Steroid injection at 28 weeks pregnant

Sounds like they had a DeQuervain’s injection (if it’s intratendinous instead of just under the tendon sheath there can be a lot of resistance…especially if using a tuberculin syringe/needle), and then had either a trigger thumb injection or an intraarticular injection of the 1st carpometacarpal joint. Either way, they shouldn’t have had “nerve damage” from either injection. The “nerve damage” was probably already there. Without a pre- and post-injection EMG/NCS, it’s impossible to know for sure. The skin atrophy and other signs can be relatively common with kenalog and other insoluble steroids. I don’t what the “thumb locking” is unless the patient means trigger thumb. Some physicians will use sterile saline injections in the atrophied area to speed up the recovery.

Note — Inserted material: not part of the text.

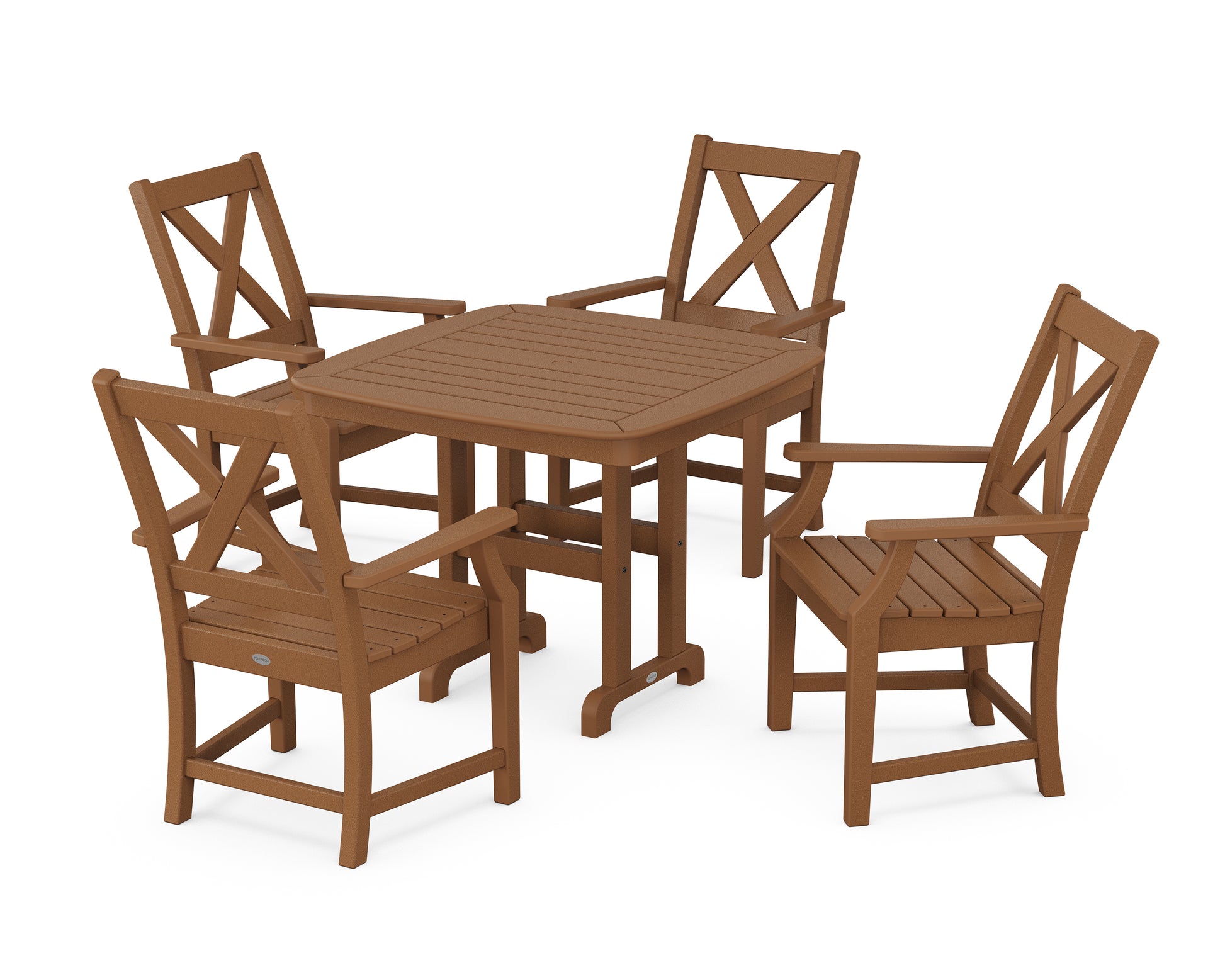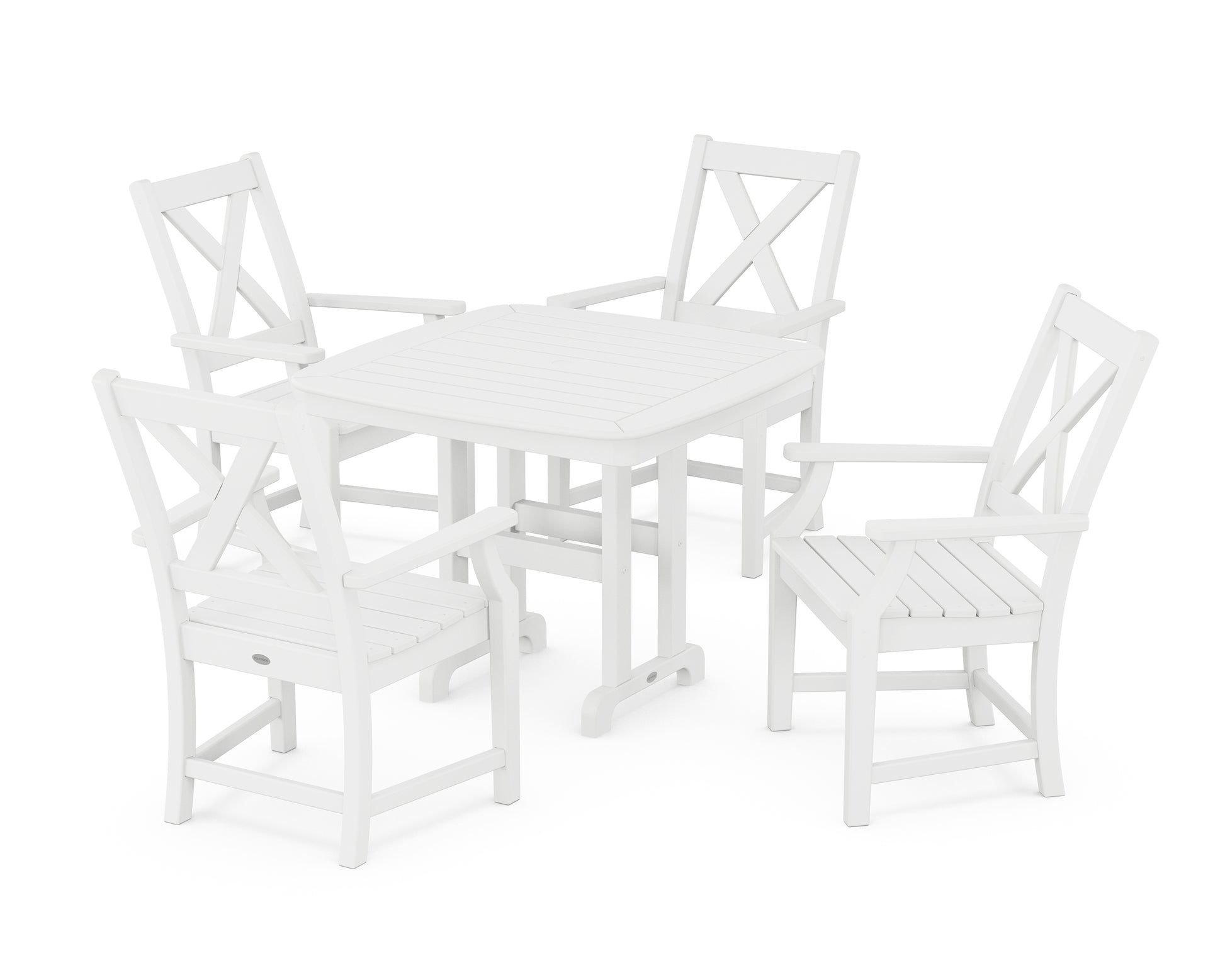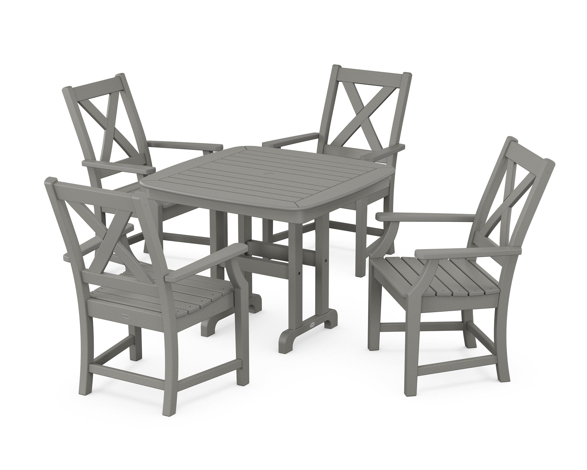 A blend of modern design and rustic elements, the Braxton Collection is always a conversation starter. Forever in season and forever in style, this all-weather collection finds its balance with clean lines, curved profiles, and farmhouse-inspired x-back design. Set an inviting dinner scene for family and friends with our Braxton 5-Piece Dining Set, shown here with four armchairs sitting pretty around a square dining table.

This product contains benzyl alcohol as a preservative. Benzyl alcohol, a component of this product, has been associated with serious adverse events and death, particularly in pediatric patients. The “gasping syndrome” (characterized by central nervous system depression, metabolic acidosis, gasping respirations, and high levels of benzyl alcohol and its metabolites found in the blood and urine) has been associated with benzyl alcohol dosages > 99 mg/kg/day in neonates and low-birth-weight neonates. Additional symptoms may include gradual neurological deterioration, seizures, intracranial hemorrhage, hematologic abnormalities, skin breakdown, hepatic and renal failure, hypotension, bradycardia , and cardiovascular collapse. Although normal therapeutic doses of this product deliver amounts of benzyl alcohol that are substantially lower than those reported in association with the “gasping syndrome,” the minimum amount of benzyl alcohol at which toxicity may occur is not known. Premature and low-birth-weight infants, as well as patients receiving high dosages, may be more likely to develop toxicity. Practitioners administering this and other medications containing benzyl alcohol should consider the combined daily metabolic load of benzyl alcohol from all sources.

Guidelines from the American College of Rheumatology conditionally recommend the use of intra-articular corticosteroid injections for treatment of knee osteoarthritis. 51 The duration of pain relief is one to two weeks in most trials, with a few showing improvements lasting three to four weeks. 60 – 63 Research uniformly supports the safety of intra-articular corticosteroid injections for treatment of knee osteoarthritis; however, these studies are limited by lack of histologic data and poor long-term follow-up. 64 A Cochrane review found weak evidence for the use of corticosteroid injections for the treatment of knee rheumatoid arthritis. 52

22 patients were randomised to ultrasound guided steroid injection, 21 patients to palpation guided steroid injection and 22 to ultrasound guided placebo injection. There was a significant difference in VAS scores between the groups at 6 and 12 weeks (p= and p=, respectively). There was a (95% CI to ) difference in mean VAS scores at 6 weeks between the ultrasound guided steroid group and the placebo group and a (95% CI to ) difference between the unguided steroid group and the placebo group at 6 weeks. At 12 weeks, the mean difference was (95% CI to ) and (95% CI to ) respectively between both steroid injection groups and the placebo group. There was no difference in VAS scores following steroid injection between the ultrasound guided and the unguided groups at either time point. Plantar fascia thickness was significantly reduced after injection in both active treatment groups (p=).

Steroid injection at 28 weeks pregnant

steroid injection at 28 weeks pregnant

22 patients were randomised to ultrasound guided steroid injection, 21 patients to palpation guided steroid injection and 22 to ultrasound guided placebo injection. There was a significant difference in VAS scores between the groups at 6 and 12 weeks (p= and p=, respectively). There was a (95% CI to ) difference in mean VAS scores at 6 weeks between the ultrasound guided steroid group and the placebo group and a (95% CI to ) difference between the unguided steroid group and the placebo group at 6 weeks. At 12 weeks, the mean difference was (95% CI to ) and (95% CI to ) respectively between both steroid injection groups and the placebo group. There was no difference in VAS scores following steroid injection between the ultrasound guided and the unguided groups at either time point. Plantar fascia thickness was significantly reduced after injection in both active treatment groups (p=).